CLI for dataset downloading and uploading¶
You can quickly download, fetch, preprocess and upload openQDC datasets using the command line interface (CLI).
Datasets¶
Print a formatted table of the available openQDC datasets and some informations.
Usage:
openqdc datasets [OPTIONS]
Options:
--help Show this message and exit.
Cache¶
Get the current local cache path of openQDC
Usage:
openqdc cache [OPTIONS]
Options:
--help Show this message and exit.
Download¶
Download preprocessed ml-ready datasets from the main openQDC hub.
Usage:
openqdc download DATASETS... [OPTIONS]
Options:
--help Show this message and exit.
--overwrite Whether to force the re-download of the datasets and overwrite the current cached dataset. [default: no-overwrite]
--cache-dir Path to the cache. If not provided, the default cache directory (.cache/openqdc/) will be used. [default: None]
--as-zarr Whether to use a zarr format for the datasets instead of memmap. [default: no-as-zarr]
--gs Whether source to use for downloading. If True, Google Storage will be used.Otherwise, AWS S3 will be used [default: no-gs]
Example:
openqdc download Spice
Fetch¶
Download the raw datasets files from the main openQDC hub
Note:
Special case: if the dataset is "all", "potential", "interaction".
Usage:
openqdc fetch DATASETS... [OPTIONS]
Options:
--help Show this message and exit.
--overwrite Whether to overwrite or force the re-download of the raw files. [default: no-overwrite]
--cache-dir Path to the cache. If not provided, the default cache directory (.cache/openqdc/) will be used. [default: None]
Example:
openqdc fetch Spice
Preprocess¶
Preprocess a raw dataset (previously fetched) into a openqdc dataset and optionally push it to remote.
Usage:
openqdc preprocess DATASETS... [OPTIONS]
Options:
--help Show this message and exit.
--overwrite Whether to overwrite the current cached datasets. [default: overwrite]

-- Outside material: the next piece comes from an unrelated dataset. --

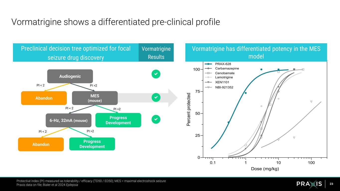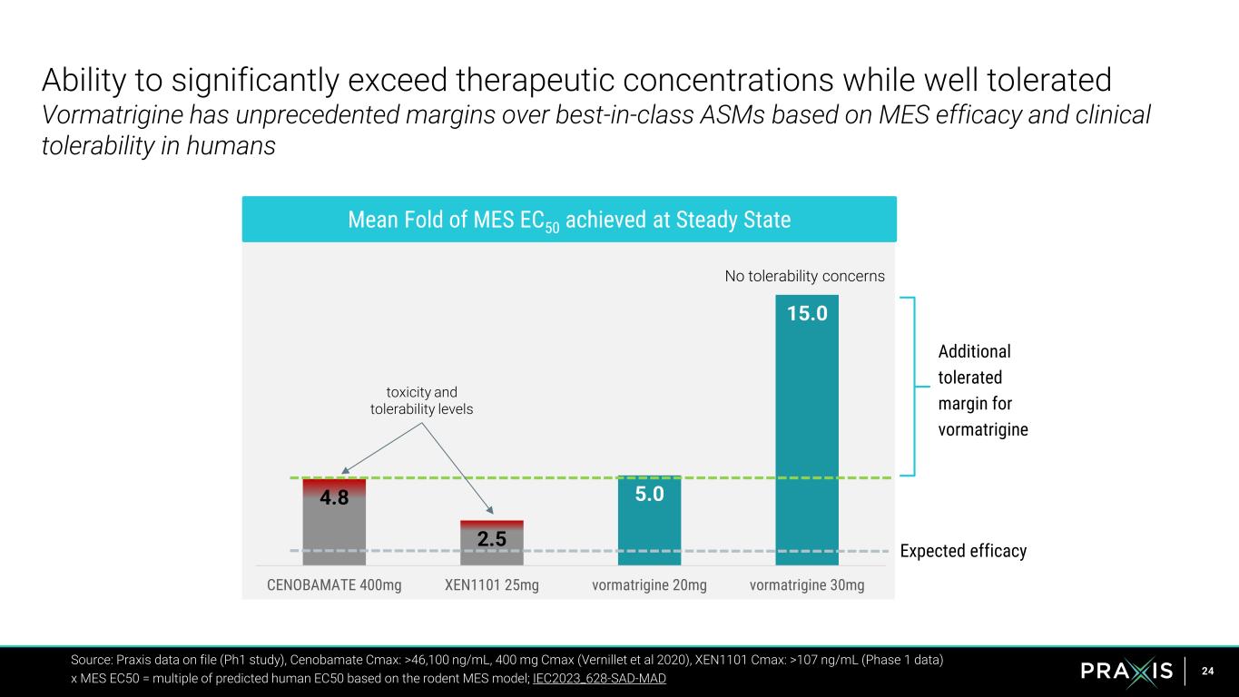 23 0.1 1 10 100 0 25 50 75 100 Dose (mg/kg) Pe rc en t p ro te ct ed PRAX-628 Cenobamate Lamotrigine XEN1101 Carbamazepine NBI-921352 Vormatrigine shows a differentiated pre-clinical profile Protective index (PI) measured as tolerability / efficacy (TD50 / ED50); MES = maximal electroshock seizure Praxis data on file; Bialer et al 2024 Epilepsia Vormatrigine has differentiated potency in the MES model Preclinical decision tree optimized for focal seizure drug discovery Progress Development Abandon Progress DevelopmentAbandon PI >2 PI >2 PI >2 PI < 2 PI < 2 PI < 2 Audiogenic MES (mouse) 6-Hz, 32mA (mouse) Vormatrigine Results

--upload Whether to attempt the upload to the remote storage. Must have write permissions. [default: no-upload]
--as-zarr Whether to preprocess as a zarr format or a memmap format. [default: no-as-zarr]
Example:
openqdc preprocess Spice QMugs
Upload¶
Upload a preprocessed dataset to the remote storage
Usage:
openqdc upload DATASETS... [OPTIONS]
Options:
--help Show this message and exit.
--overwrite Whether to overwrite the remote files if they are present. [default: overwrite]

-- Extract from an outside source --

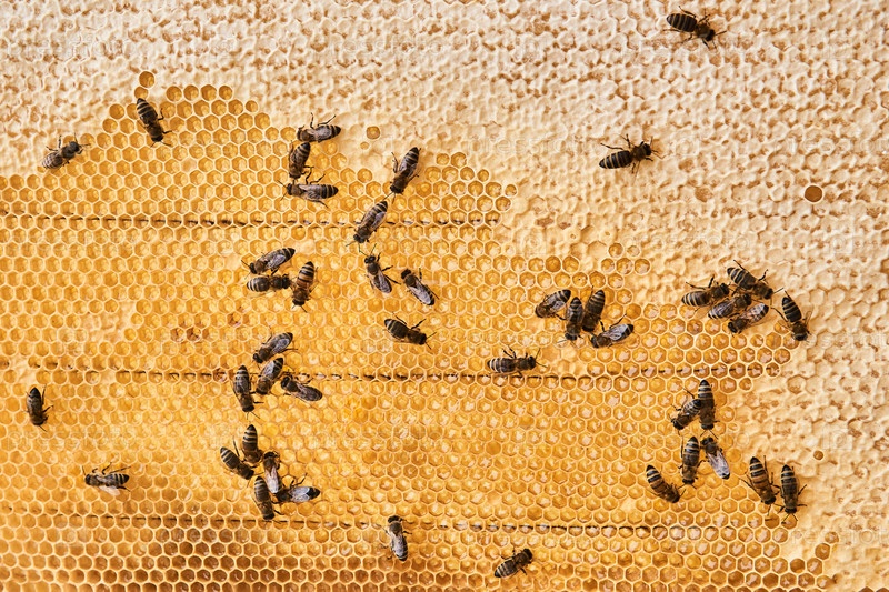Фон - соты, наполненные медом, по которым ползают пчелы

--as-zarr Whether to upload the zarr files if available. [default: no-as-zarr]
Example:
openqdc upload Spice --overwrite
Convert¶
Convert a preprocessed dataset from a memmap dataset to a zarr dataset.
Usage:
openqdc convert DATASETS... [OPTIONS]
Options:
--help Show this message and exit.
--overwrite Whether to overwrite the current zarr cached datasets. [default: no-overwrite]
--download Whether to force the re-download of the memmap datasets. [default: no-download]